__Activity__: Using the listing below, give again exactly the lines from the line with "원하는 OS 환경 등을" to the line with "Obraz przyciąga wzrok", inclusive, without the pictures.

__The records__:
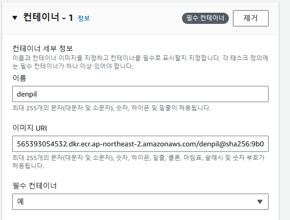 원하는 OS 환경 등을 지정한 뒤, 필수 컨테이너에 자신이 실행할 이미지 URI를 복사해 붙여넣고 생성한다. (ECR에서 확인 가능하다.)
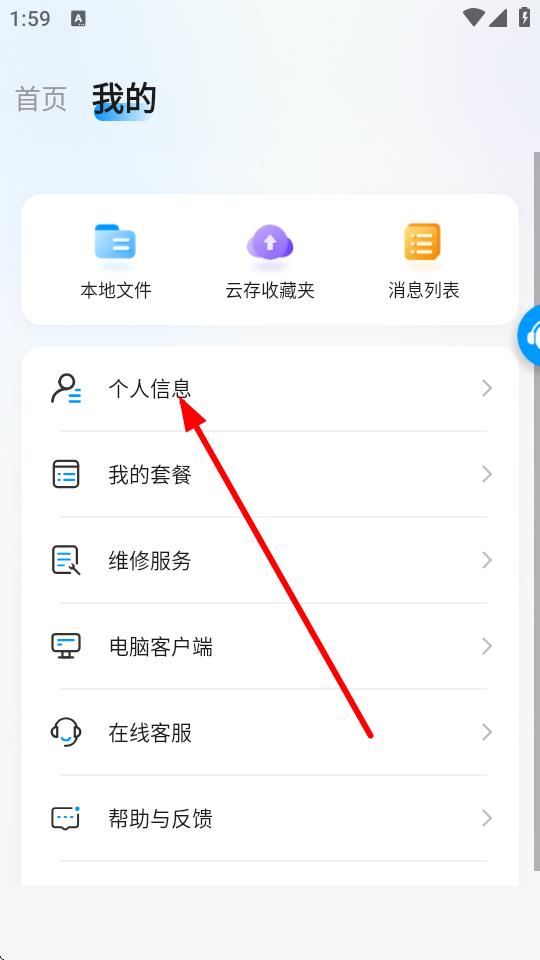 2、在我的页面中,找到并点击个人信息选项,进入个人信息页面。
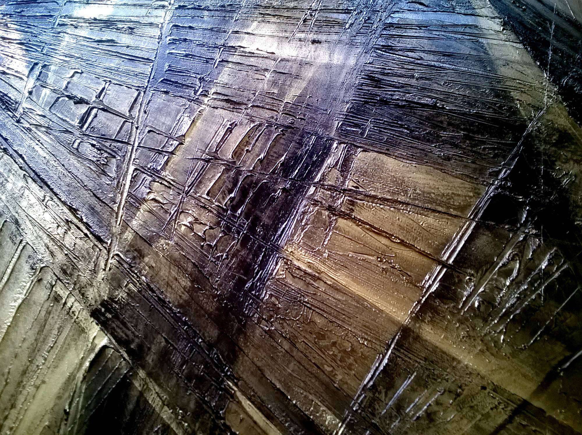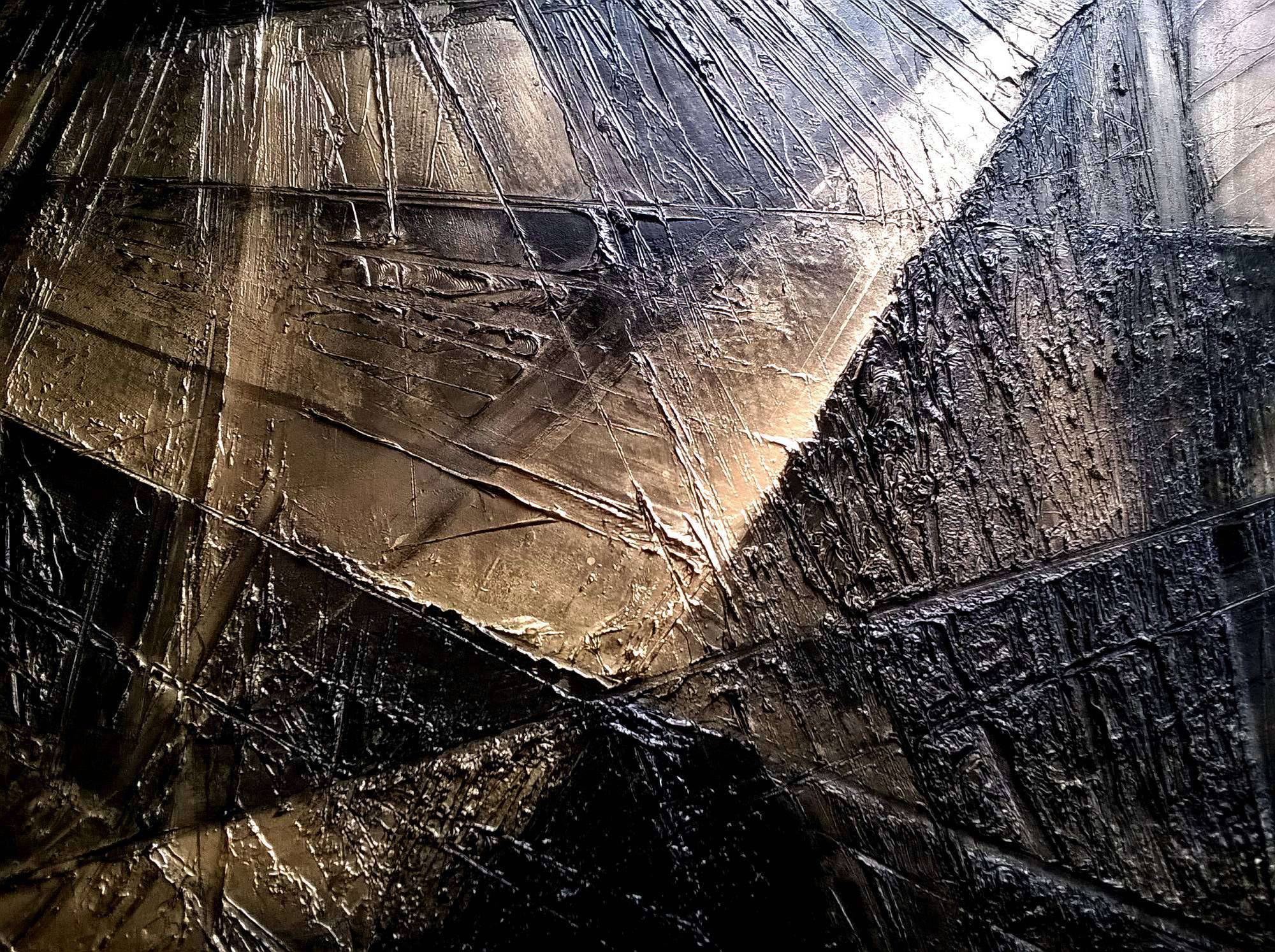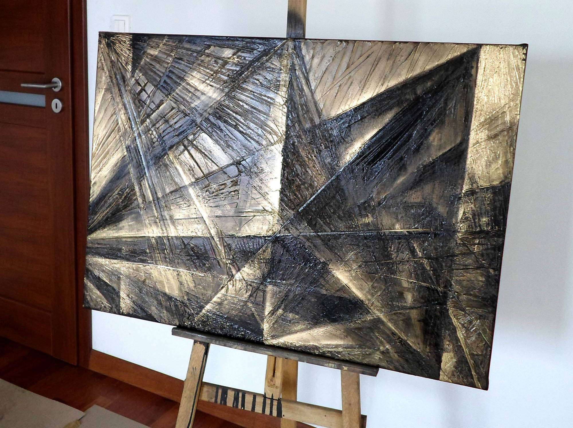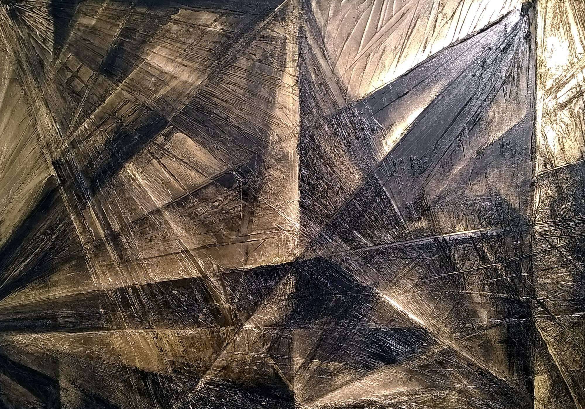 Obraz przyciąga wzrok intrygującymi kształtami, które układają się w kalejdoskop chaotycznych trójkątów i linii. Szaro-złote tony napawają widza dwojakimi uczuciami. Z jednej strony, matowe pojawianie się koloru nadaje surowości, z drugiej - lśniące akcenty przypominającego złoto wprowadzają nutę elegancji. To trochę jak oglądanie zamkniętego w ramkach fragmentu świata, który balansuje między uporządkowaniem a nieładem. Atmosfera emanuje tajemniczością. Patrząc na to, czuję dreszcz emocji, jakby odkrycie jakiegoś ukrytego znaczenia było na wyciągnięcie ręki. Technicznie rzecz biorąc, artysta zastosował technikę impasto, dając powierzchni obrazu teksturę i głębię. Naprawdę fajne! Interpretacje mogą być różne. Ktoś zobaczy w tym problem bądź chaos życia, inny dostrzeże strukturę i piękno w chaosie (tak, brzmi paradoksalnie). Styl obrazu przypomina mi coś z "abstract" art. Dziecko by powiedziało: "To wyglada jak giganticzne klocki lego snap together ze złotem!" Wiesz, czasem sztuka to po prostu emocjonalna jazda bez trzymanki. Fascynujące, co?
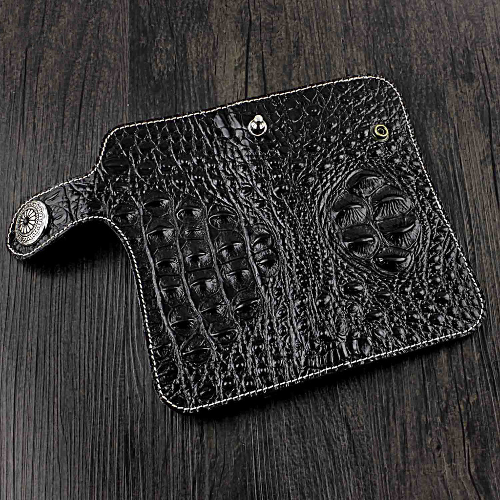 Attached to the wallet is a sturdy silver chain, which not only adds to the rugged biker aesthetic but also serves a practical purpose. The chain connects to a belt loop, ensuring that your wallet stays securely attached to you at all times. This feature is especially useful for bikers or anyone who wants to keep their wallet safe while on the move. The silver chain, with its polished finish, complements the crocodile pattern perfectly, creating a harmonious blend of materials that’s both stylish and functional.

==

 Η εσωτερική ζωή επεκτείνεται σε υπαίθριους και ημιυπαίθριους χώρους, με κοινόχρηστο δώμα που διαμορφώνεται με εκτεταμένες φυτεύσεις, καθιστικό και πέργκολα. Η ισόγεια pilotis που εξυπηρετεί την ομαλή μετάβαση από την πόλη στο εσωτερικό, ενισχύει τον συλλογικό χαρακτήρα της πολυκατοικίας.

--

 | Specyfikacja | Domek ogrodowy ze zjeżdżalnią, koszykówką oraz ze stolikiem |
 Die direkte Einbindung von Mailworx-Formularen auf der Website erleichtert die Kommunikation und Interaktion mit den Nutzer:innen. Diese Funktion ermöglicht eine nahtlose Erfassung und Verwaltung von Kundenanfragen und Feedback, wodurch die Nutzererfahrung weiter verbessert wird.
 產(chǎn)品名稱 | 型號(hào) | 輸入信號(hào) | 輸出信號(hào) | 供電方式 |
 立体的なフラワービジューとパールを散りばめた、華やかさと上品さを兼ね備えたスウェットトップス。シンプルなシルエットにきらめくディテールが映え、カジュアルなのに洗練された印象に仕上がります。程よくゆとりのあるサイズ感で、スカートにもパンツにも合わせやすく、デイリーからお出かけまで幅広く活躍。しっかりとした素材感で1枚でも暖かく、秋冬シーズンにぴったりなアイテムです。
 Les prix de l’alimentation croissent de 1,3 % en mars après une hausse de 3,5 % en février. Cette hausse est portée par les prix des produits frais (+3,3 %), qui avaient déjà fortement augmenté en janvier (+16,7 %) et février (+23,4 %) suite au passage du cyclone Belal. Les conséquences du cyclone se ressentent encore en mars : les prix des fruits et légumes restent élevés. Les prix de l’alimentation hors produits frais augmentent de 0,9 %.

__Solution to the exercise__:
 원하는 OS 환경 등을 지정한 뒤, 필수 컨테이너에 자신이 실행할 이미지 URI를 복사해 붙여넣고 생성한다. (ECR에서 확인 가능하다.)
 2、在我的页面中,找到并点击个人信息选项,进入个人信息页面。
 Obraz przyciąga wzrok intrygującymi kształtami, które układają się w kalejdoskop chaotycznych trójkątów i linii. Szaro-złote tony napawają widza dwojakimi uczuciami. Z jednej strony, matowe pojawianie się koloru nadaje surowości, z drugiej - lśniące akcenty przypominającego złoto wprowadzają nutę elegancji. To trochę jak oglądanie zamkniętego w ramkach fragmentu świata, który balansuje między uporządkowaniem a nieładem. Atmosfera emanuje tajemniczością. Patrząc na to, czuję dreszcz emocji, jakby odkrycie jakiegoś ukrytego znaczenia było na wyciągnięcie ręki. Technicznie rzecz biorąc, artysta zastosował technikę impasto, dając powierzchni obrazu teksturę i głębię. Naprawdę fajne! Interpretacje mogą być różne. Ktoś zobaczy w tym problem bądź chaos życia, inny dostrzeże strukturę i piękno w chaosie (tak, brzmi paradoksalnie). Styl obrazu przypomina mi coś z "abstract" art. Dziecko by powiedziało: "To wyglada jak giganticzne klocki lego snap together ze złotem!" Wiesz, czasem sztuka to po prostu emocjonalna jazda bez trzymanki. Fascynujące, co?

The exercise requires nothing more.